Un Paese che non può permettersi di perdere altro tempo
C’è un male atavico che assilla l’Italia. Una perdita che, al di là dei miliardi di euro bruciati in Borsa a causa della situazione politica e delle fibrillazioni dei mercati, vale forse anche di più. Perché quell’elemento, tanto semplice quanto talvolta gravoso, nessuno può restituirlo una volta che è andato: il tempo.
Il nostro è un Paese di eccellenze sparse, da Nord a Sud, anche se troppo spesso tendiamo a dimenticarcene. E abbiamo, allo stesso modo, un’innata (e inspiegabile) capacità ad accumulare ritardi. Questa peculiarità ci fa perdere tanti più miliardi di quanto non faccia lo spread, è una zavorra per le nostre tasche e per la crescita in generale. Ma stare al passo con i tempi che avanzano – mentre là fuori c’è un mondo che cambia a vista d’occhio – ha un costo ed è un processo che va governato in maniera seria. È questo, allora, il maggior rimprovero che potremmo rivolgere alle istituzioni e alle forze politiche che ancora non sono riuscite a trovare una soluzione allo stallo politico post-voto.
Proprio oggi l’Ocse ricorda all’Italia che «l’incertezza politica potrebbe avere un impatto sullo sviluppo economico». Quest’ultimo è un concetto piuttosto esteso e per il momento vorremmo soffermarci su poche, fondamentali questioni. Il lavoro – il perno di qualsiasi economia – si trova in una fase di transizione, ovvero nel mezzo di vecchi e nuovi modelli economici. Il declino, lo sappiamo, è cominciato con la crisi: milioni di posti di lavoro andati in fumo, crollo del potere d’acquisto, debolezza della domanda interna. È diminuita la produttività e, contestualmente, abbiamo smarrito un po’ di competitività, tolta qualche eccezione dovuta al quadro internazionale e al commercio con l’estero. Il recupero registrato negli ultimi anni ha seguito un andamento altalenante e dipendente soprattutto da un contesto più benevolo, a sua volta favorito dalle scelte di politica monetaria della Bce. Sul fronte occupazionale, nel frattempo migliorato, l’Ocse evidenzia qualcosa di cui eravamo già a conoscenza: la qualità del lavoro si è deteriorata. Infine, abbiamo scoperto che il nostro Paese ha un grosso problema con l’età che avanza, una questione – di assoluta importanza – che ben si lega al precedente elenco.
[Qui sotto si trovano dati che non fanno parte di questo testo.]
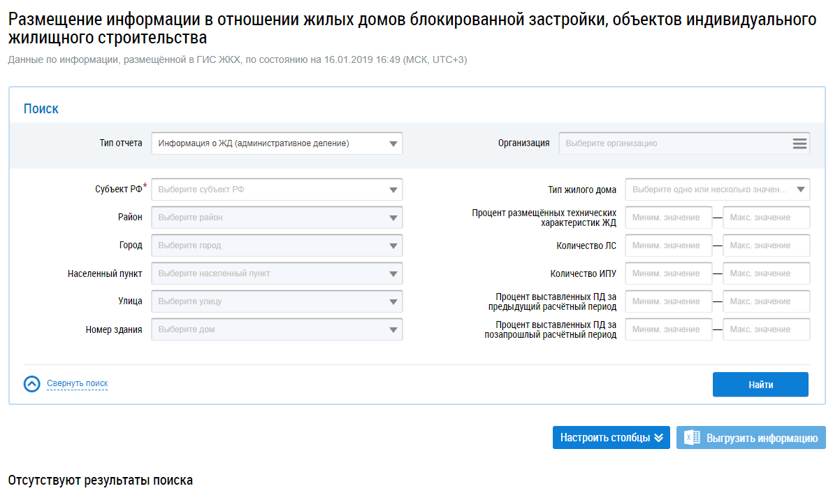 Данный раздел доступен после предоставления представителю организации права доступа Размещение информации в отношении жилых домов блокированной застройки, объектов индивидуального жилищного строительства. Для получения необходимых прав обратитесь к Администратору организации.

L’Italia è un Paese convalescente, ma costretto ad affrontare le sfide di domani. Eppure innovazione, impatto tecnologico, smart manufacturing, politiche attive e per la conciliazione, ricollocazione dei lavoratori meno qualificati e più esposti ai rischi (dalla delocalizzazione all’automazione dei processi produttivi), sono i temi, grandi assenti, della più stretta attualità. Un peccato capitale, perché non c’è modo di evitare il profondo scollamento delle persone dalla Politica se non si danno loro risposte e strumenti che le aiutino a vivere il presente e a gettare le basi per il futuro. Ma per farlo, appare del tutto inutile sottolinearlo, serve una guida. Serve un governo. Il tempo scorre troppo in fretta per un Paese che non può più permettersi di perdere altro tempo.